Письмо-рецензия на книгу В. И. Литвинова Врёшь, не

Виктория Орешкина
////////////////////////////////////////////////////////
Письмо-рецензия
на третью книгу повести В.И. Литвинова «Босоногие»
«Врёшь, не возьмёшь!».
////////////////////////////////////////////////////////

Вся книга «Босоногие» – начиная от историй о маленьком мальчике, которого осиротила война – это гимн человеку, его силе и стойкости духа, гимн тому человеческому, что позволяет ему звучать гордо. Вспоминая первые две книги «Босоногих», в отношении маленького Семы, одолевающего болезнь, переживающего страх, одиночество и голод, других характеристик кроме «герой» и «настоящий человек» у меня не возникает. И вместе с тем, «Босоногие» - история живого, во всех отношениях человека, с его живыми радостями, страхами, победами и ошибками. И его жизнь – это живая и яркая иллюстрация времени, в котором ему довелось жить: не простом, противоречивом, подобно герою повести, жестоко покалеченном, времени, в котором покалечена сама сущность, душа человека.

Третья книга повести «Босоногие» «Врёшь, не возьмёшь!» необычна. В первой части, так же как и двух предыдущих книгах, повествование ведется от лица автора. В четвертой же части, повествование ведется уже от лица самого главного героя повести – Семена Лубина. Смесь двух видов повествования – от лица автора и от лица главного героя – в одном произведении не тривиальна и позволяет читателю взглянуть на описываемые события как бы с двух сторон – глазами автора и глазами самого Семена.

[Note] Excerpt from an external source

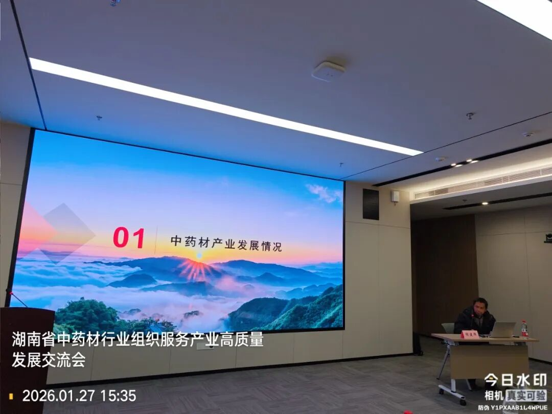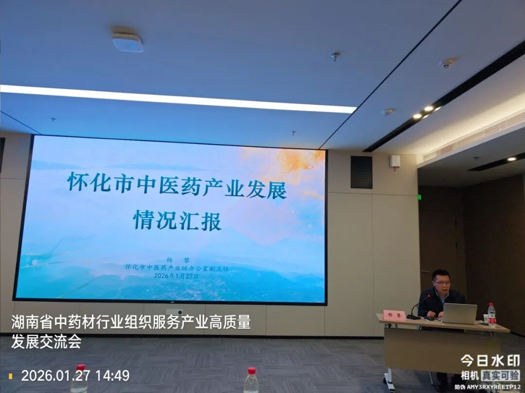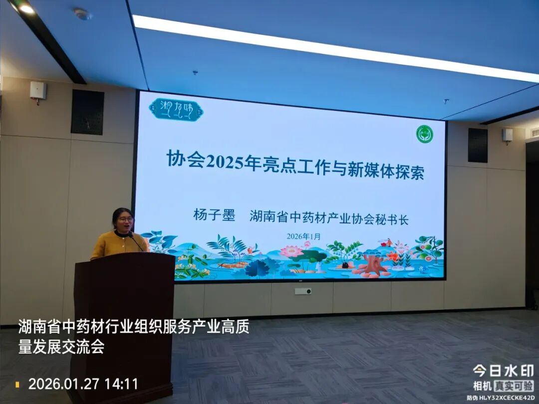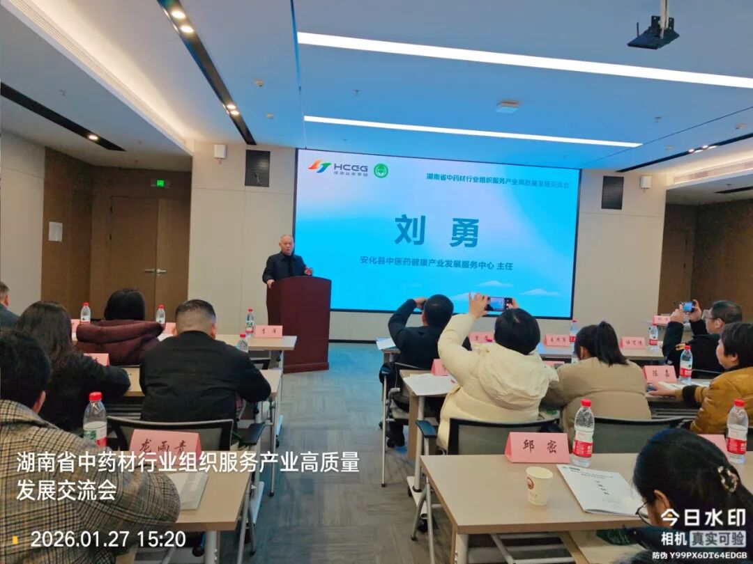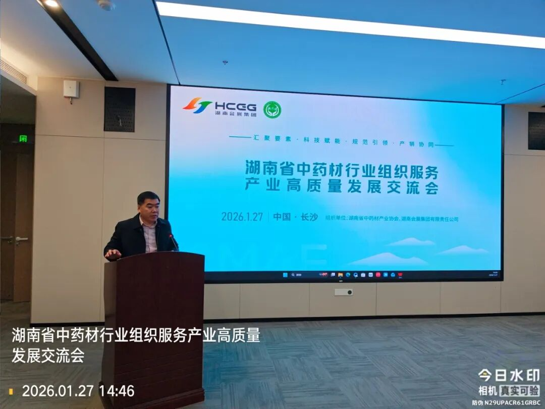 会上,湖南省中医药管理局中药发展处处长王颖异、湖南省社会组织促进会副秘书长陈小勇分别围绕我省中药材产业发展政策、社会组织管理政策进行深入解读;中国中药协会中药材种植养殖专业委员会副主任委员兼秘书长曹海禄、省中药材协会秘书长杨子墨、怀化市中医药产业链办公室副主任杨黎、安化县中医药健康产业发展服务中心主任刘勇、新化县中药材协会顾问谢建辉结合自身工作实践作经验分享;湖南会展集团有限责任公司党委书记、董事长马永忠作2026中药农业博览会推介;湖南省气象局和澧县、桂阳、隆回中药材主管部门作交流发言和产业宣传。

Взгляд автора – более обширен, более независим. Он дает возможность рассмотреть все происходящее «сверху», увидеть героев повествования со всех сторон и со всех точек зрения: разглядеть взаимоотношения главного героя с окружающими, с обществом, увидеть мотивы поступков всех действующих лиц.

Взгляд самого Семена Лубина субъективен. Его дневники позволяют читателю взглянуть на происходящее его собственными глазами, делают читателя более близким соучастником происходящих событий, заставляют ближе и глубже переживать все трудности и радости Семена; через его взгляд на жизнь, через мотивы его поступков лучше узнать и понять его самого.

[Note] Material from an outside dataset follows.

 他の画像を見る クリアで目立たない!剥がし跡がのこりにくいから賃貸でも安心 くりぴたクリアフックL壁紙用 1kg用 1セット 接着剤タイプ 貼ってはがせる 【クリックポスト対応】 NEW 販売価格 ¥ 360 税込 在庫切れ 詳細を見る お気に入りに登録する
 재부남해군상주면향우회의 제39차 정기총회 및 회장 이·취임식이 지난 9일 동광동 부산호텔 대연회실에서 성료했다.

Время существования СССР для Семена – время его взросления, его надежд, свершений, любви. Вся жизнь Семена – образ мыслей, поступки – демонстрирует стремление к верности коммунистическим идеалам. Если оторваться от идеологической терминологии – идеалам, по сути, чисто человеческим. И он этим идеалам – насколько в его силах – следует, всей своей жизнью подтверждая главный принцип человеческой совести – «не для себя человек родился, а чтобы другим от него ладно было».

Время после развала СССР – время крушения надежд. В главе «Между нами первыми» между Семеном Лубиным и его шефом и наставником, бывшим первым секретарем райкома партии, Н.Г. Усенко происходит разговор, в котором сталкиваются лбами две эпохи – прошлая, коммунистическая и нынешняя – постперестроечная. Смена эпохи – всегда тяжелое испытание для человека, особенно для человека зрелого, прожившего большую часть жизни в эпохе ушедшей.Так вот, в частности, в этом разговоре Н.Г. Усенко произносит такие слова: «Думаю, как минимум, 150 миллионов народа из тех наших двухсот советских миллионов в нас не ошиблись! Просто оглушены предательством верхушки партии!».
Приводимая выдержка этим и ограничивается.